→ **Task**: Retype exactly what runs from the first line of the data to the line with "20sec high knees", keeping both of those lines and skipping pictures.

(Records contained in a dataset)
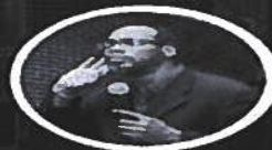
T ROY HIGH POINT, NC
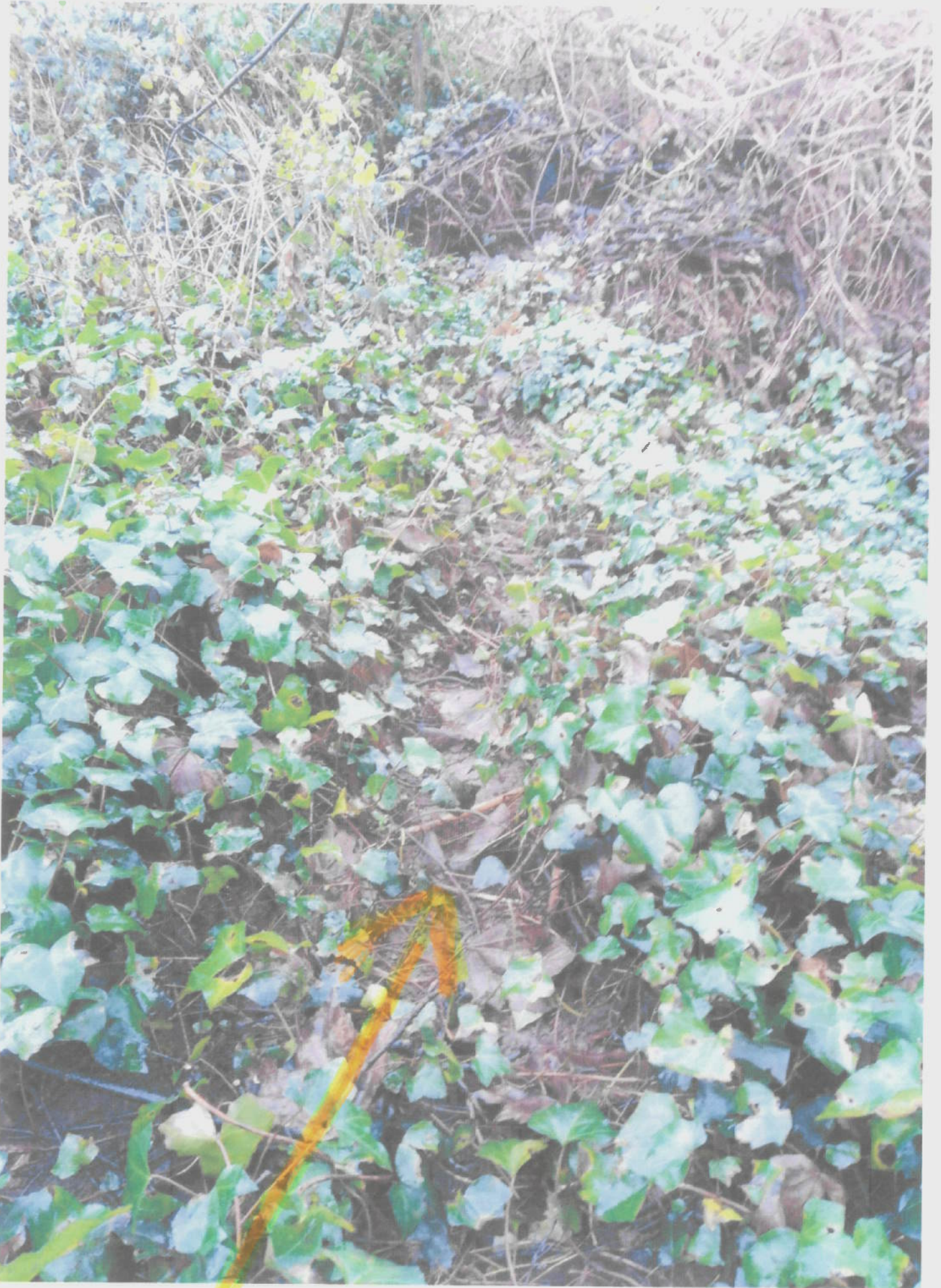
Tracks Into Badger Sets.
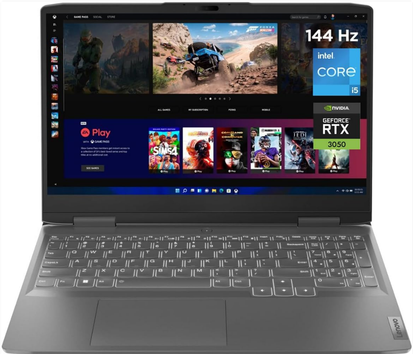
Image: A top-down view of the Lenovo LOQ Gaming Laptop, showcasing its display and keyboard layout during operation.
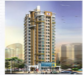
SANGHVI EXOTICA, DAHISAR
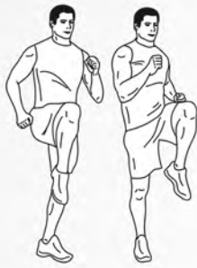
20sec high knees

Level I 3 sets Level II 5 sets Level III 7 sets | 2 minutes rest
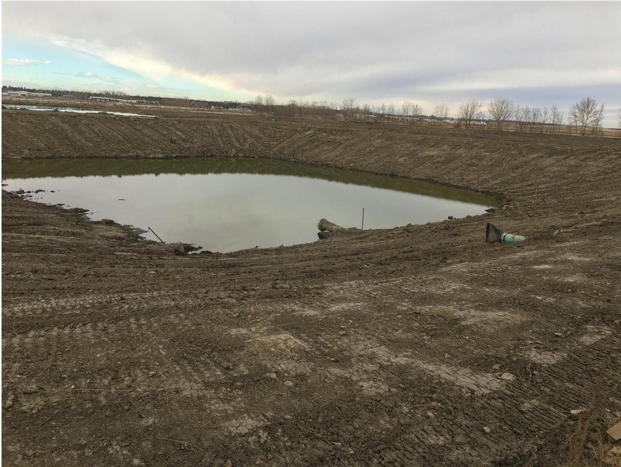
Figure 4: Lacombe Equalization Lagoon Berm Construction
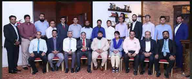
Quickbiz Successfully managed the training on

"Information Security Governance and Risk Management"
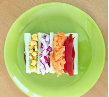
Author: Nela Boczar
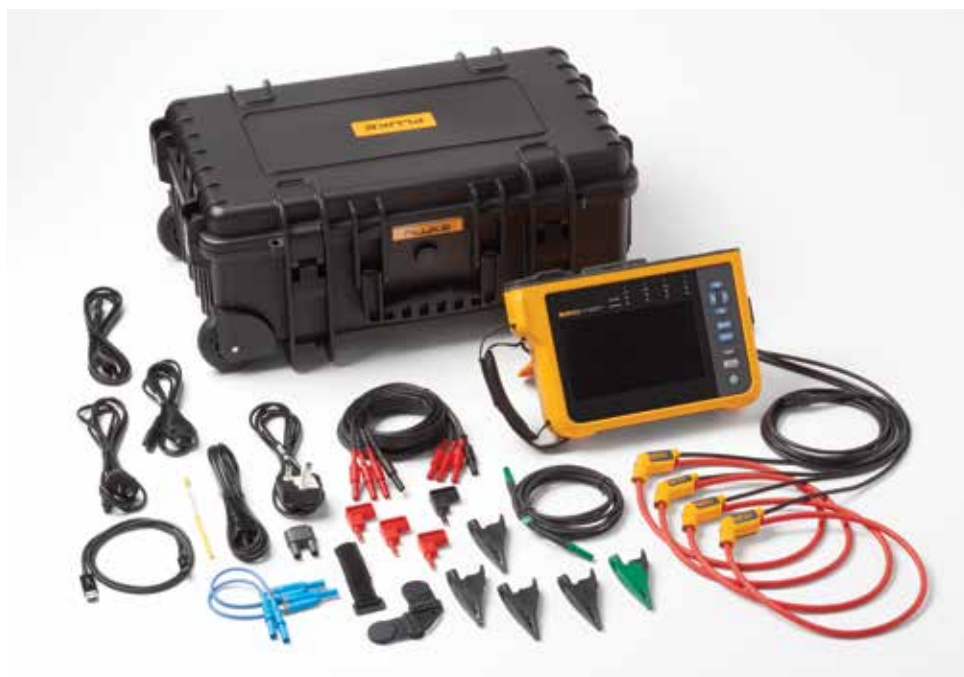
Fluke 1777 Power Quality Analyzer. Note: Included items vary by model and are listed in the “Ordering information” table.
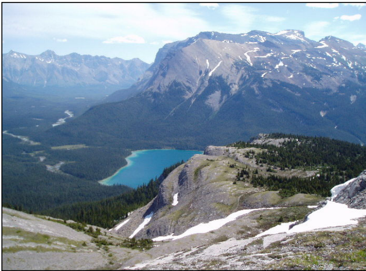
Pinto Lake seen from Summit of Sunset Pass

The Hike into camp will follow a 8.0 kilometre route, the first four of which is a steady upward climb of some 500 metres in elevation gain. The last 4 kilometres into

→ **Final answer**:
T ROY HIGH POINT, NC
Tracks Into Badger Sets.
Image: A top-down view of the Lenovo LOQ Gaming Laptop, showcasing its display and keyboard layout during operation.
SANGHVI EXOTICA, DAHISAR
20sec high knees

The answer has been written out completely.